▸ What you are asked to do:
Taking the data below, please print only the lines from the line holding "검색 후 접속해 주세요" to the line holding "L’annonce initiale a", inclusive, with pictures omitted.

▸ Working data:
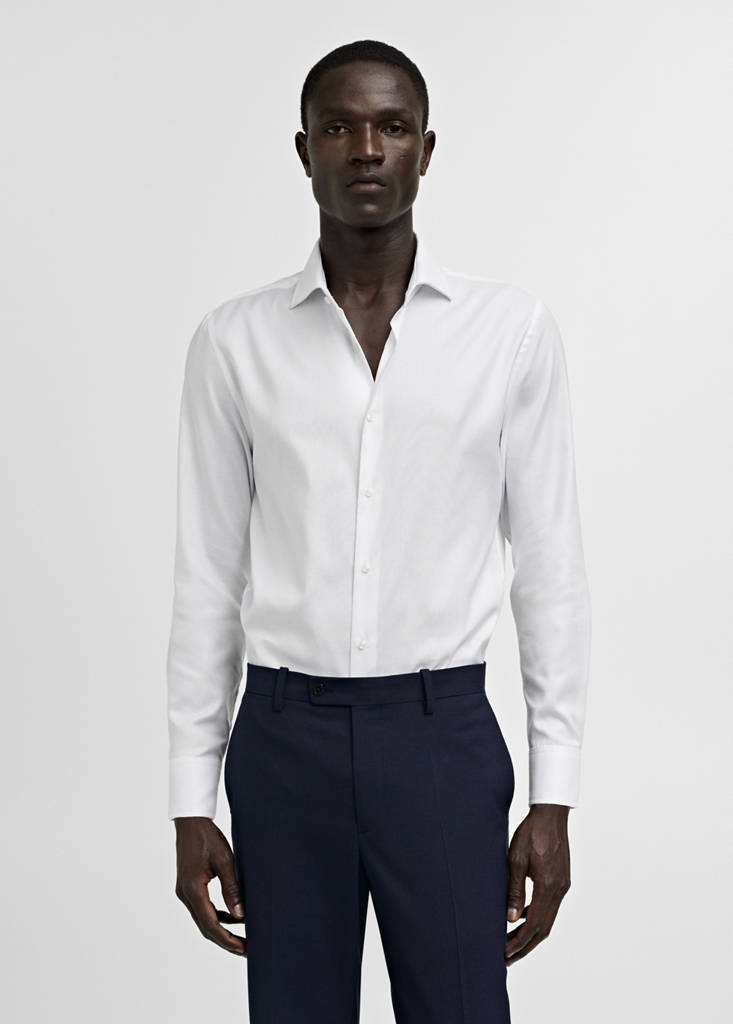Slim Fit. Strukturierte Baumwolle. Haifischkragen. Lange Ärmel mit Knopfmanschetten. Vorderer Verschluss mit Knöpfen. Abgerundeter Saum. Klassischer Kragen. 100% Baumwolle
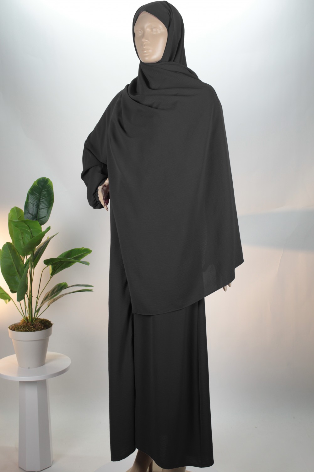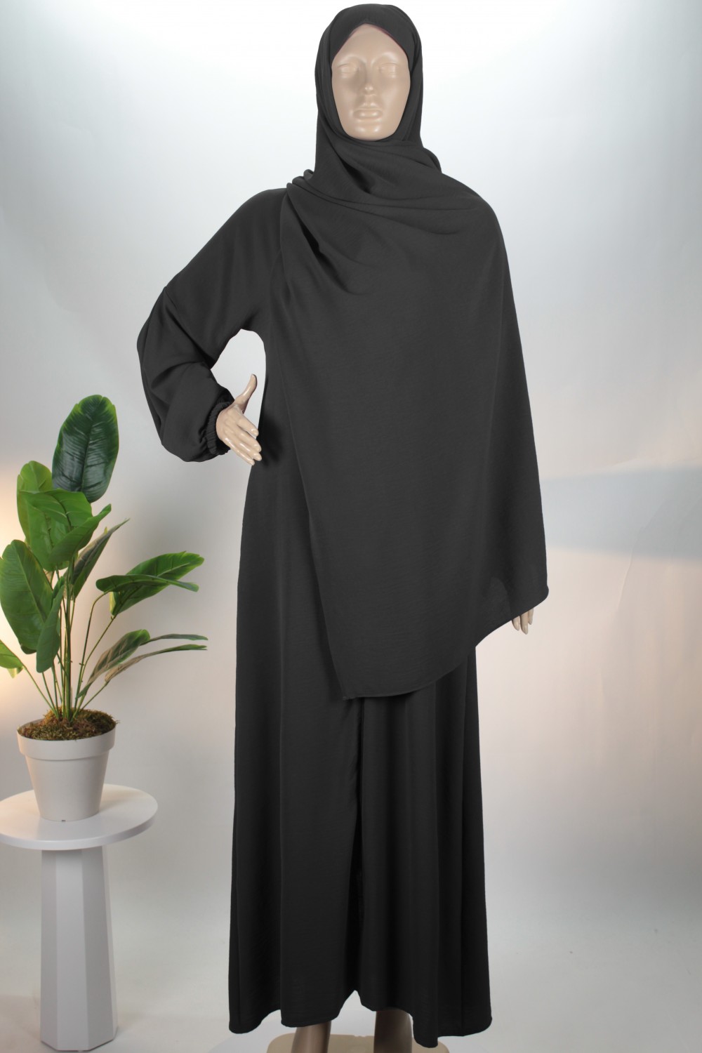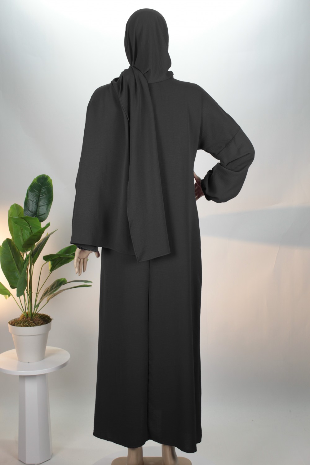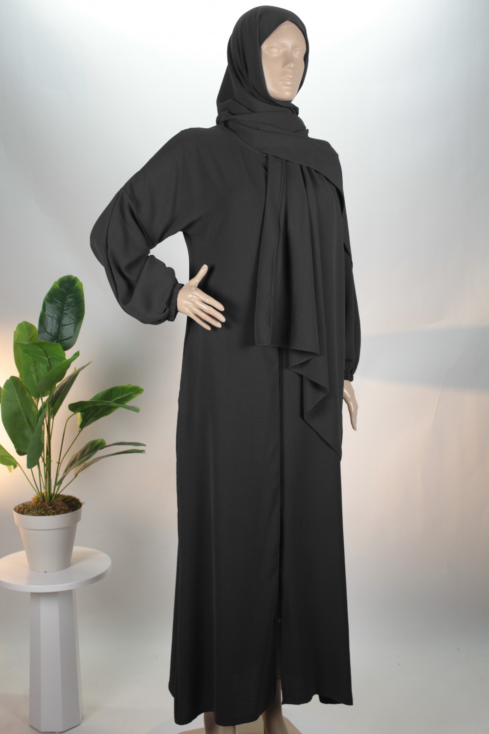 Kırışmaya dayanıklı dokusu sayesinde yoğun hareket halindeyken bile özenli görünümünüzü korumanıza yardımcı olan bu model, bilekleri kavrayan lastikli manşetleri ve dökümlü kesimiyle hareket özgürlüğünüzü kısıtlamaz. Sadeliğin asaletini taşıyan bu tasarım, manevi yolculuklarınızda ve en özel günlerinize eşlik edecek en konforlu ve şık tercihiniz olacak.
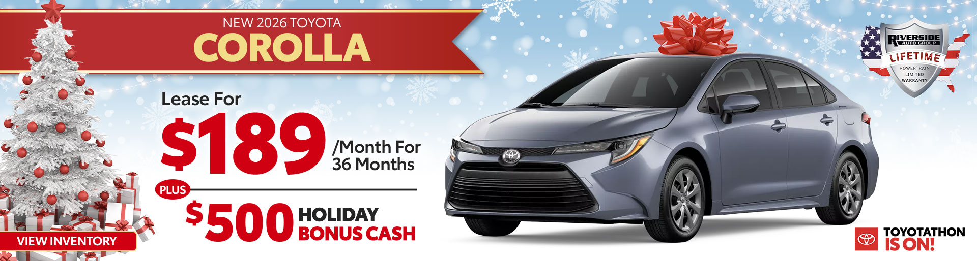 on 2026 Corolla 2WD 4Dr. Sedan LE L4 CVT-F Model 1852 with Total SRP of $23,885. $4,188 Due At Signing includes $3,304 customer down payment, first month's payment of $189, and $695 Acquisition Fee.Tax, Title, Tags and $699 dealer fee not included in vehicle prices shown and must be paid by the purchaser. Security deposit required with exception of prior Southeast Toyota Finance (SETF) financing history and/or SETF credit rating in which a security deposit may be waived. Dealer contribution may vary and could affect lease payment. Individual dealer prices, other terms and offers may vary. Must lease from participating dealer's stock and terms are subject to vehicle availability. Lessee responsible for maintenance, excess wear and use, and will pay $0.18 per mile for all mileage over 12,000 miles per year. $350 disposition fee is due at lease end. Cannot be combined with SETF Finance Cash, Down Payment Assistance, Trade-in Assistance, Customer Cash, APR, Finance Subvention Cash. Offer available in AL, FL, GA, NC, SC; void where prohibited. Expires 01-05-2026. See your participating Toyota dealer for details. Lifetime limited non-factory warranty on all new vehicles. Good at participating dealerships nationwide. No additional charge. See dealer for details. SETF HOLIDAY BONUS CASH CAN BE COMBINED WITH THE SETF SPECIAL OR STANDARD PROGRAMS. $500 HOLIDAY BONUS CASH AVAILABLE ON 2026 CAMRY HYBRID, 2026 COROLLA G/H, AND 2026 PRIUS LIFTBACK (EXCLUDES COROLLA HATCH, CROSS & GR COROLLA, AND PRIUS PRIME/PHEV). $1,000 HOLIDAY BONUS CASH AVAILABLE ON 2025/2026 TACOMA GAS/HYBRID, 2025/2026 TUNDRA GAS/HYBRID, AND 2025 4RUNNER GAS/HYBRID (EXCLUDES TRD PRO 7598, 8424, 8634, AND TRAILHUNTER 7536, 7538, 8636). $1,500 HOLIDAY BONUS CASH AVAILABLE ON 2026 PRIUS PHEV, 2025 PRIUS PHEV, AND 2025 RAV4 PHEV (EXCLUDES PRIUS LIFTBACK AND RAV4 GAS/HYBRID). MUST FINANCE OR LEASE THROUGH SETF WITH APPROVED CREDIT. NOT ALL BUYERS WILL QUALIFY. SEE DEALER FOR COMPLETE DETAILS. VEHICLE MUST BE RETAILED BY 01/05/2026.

* * *

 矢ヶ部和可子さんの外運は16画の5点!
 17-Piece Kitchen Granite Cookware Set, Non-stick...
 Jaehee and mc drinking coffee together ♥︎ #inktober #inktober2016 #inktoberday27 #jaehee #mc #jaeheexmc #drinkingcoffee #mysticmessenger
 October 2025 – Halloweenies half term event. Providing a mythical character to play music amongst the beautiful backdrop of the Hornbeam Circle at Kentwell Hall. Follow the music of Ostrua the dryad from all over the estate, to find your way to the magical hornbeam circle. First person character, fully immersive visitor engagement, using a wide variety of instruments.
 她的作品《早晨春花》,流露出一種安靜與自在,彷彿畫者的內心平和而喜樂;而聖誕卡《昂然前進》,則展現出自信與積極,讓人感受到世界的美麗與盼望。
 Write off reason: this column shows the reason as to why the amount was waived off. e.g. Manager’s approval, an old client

---

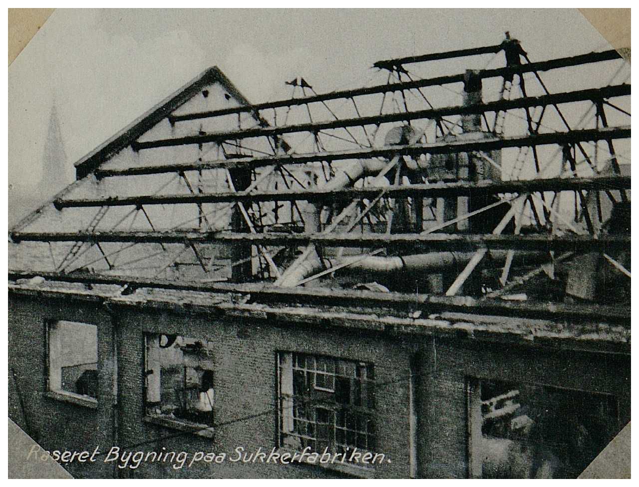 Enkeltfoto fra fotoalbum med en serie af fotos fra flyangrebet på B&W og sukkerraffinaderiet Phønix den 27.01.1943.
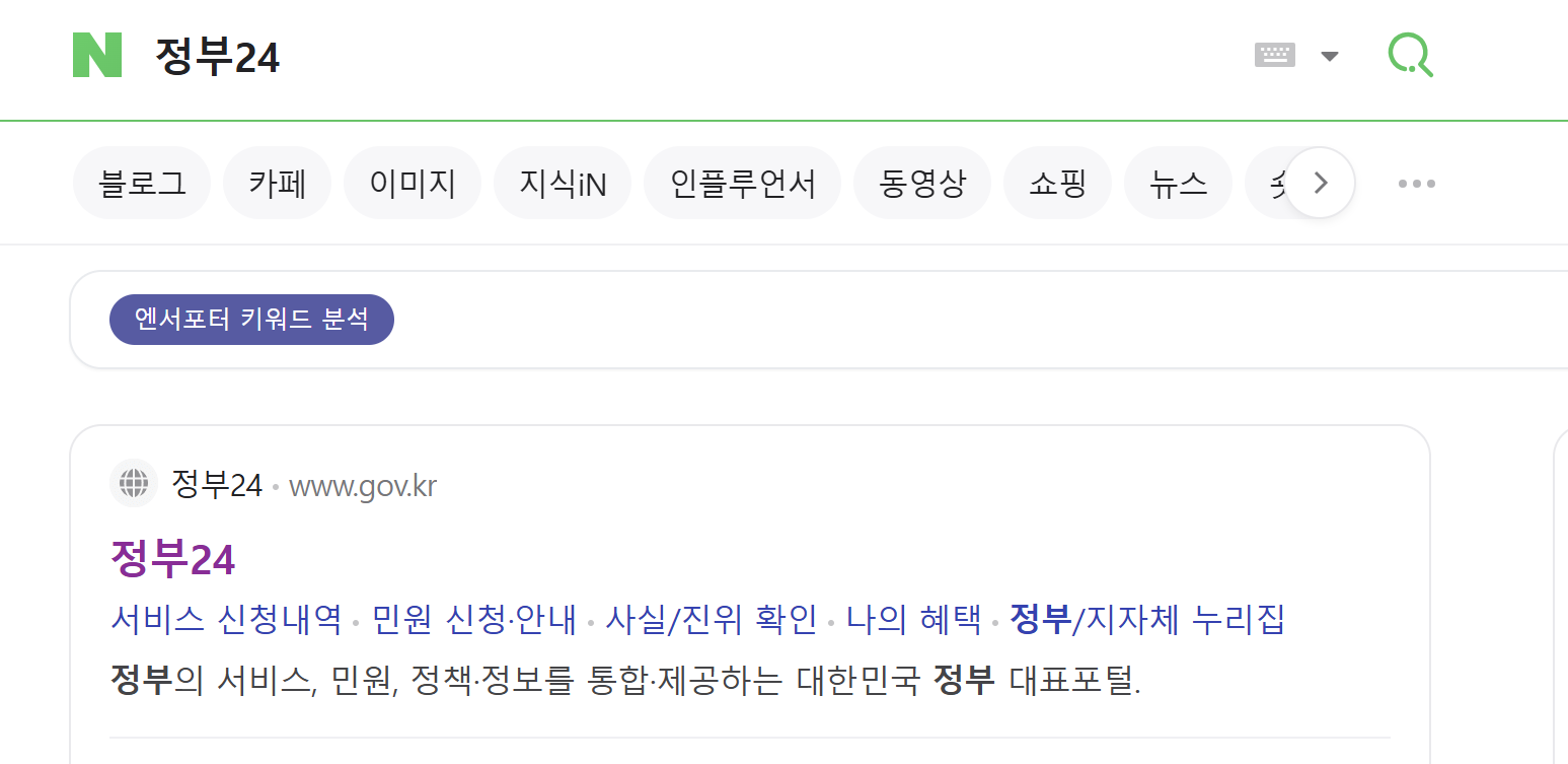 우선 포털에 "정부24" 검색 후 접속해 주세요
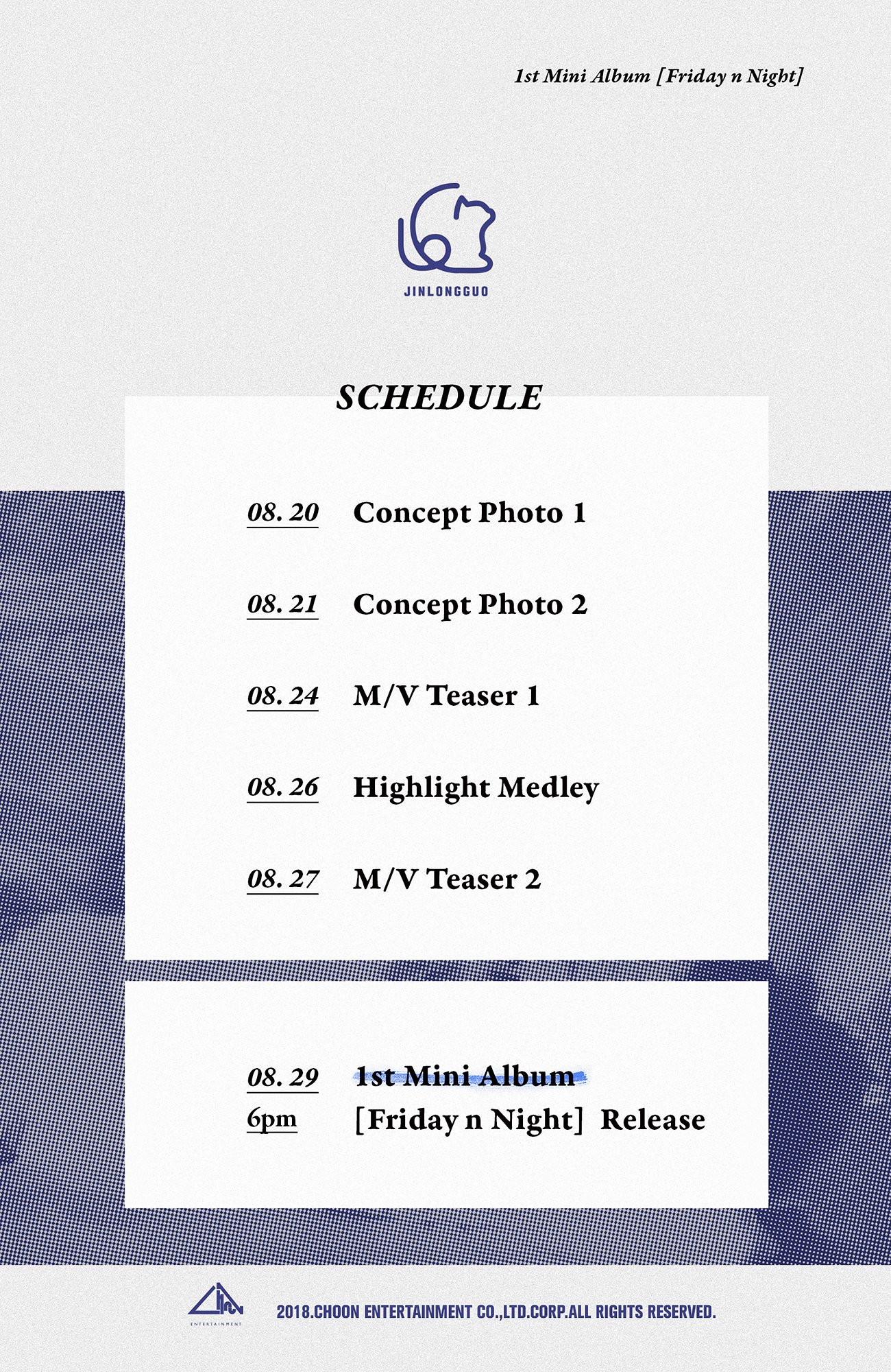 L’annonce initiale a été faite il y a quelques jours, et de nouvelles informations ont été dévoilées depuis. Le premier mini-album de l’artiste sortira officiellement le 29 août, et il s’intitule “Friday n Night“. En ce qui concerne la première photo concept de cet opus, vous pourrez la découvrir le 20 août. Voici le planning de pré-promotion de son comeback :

▸ Response below:
 우선 포털에 "정부24" 검색 후 접속해 주세요
 L’annonce initiale a été faite il y a quelques jours, et de nouvelles informations ont été dévoilées depuis. Le premier mini-album de l’artiste sortira officiellement le 29 août, et il s’intitule “Friday n Night“. En ce qui concerne la première photo concept de cet opus, vous pourrez la découvrir le 20 août. Voici le planning de pré-promotion de son comeback :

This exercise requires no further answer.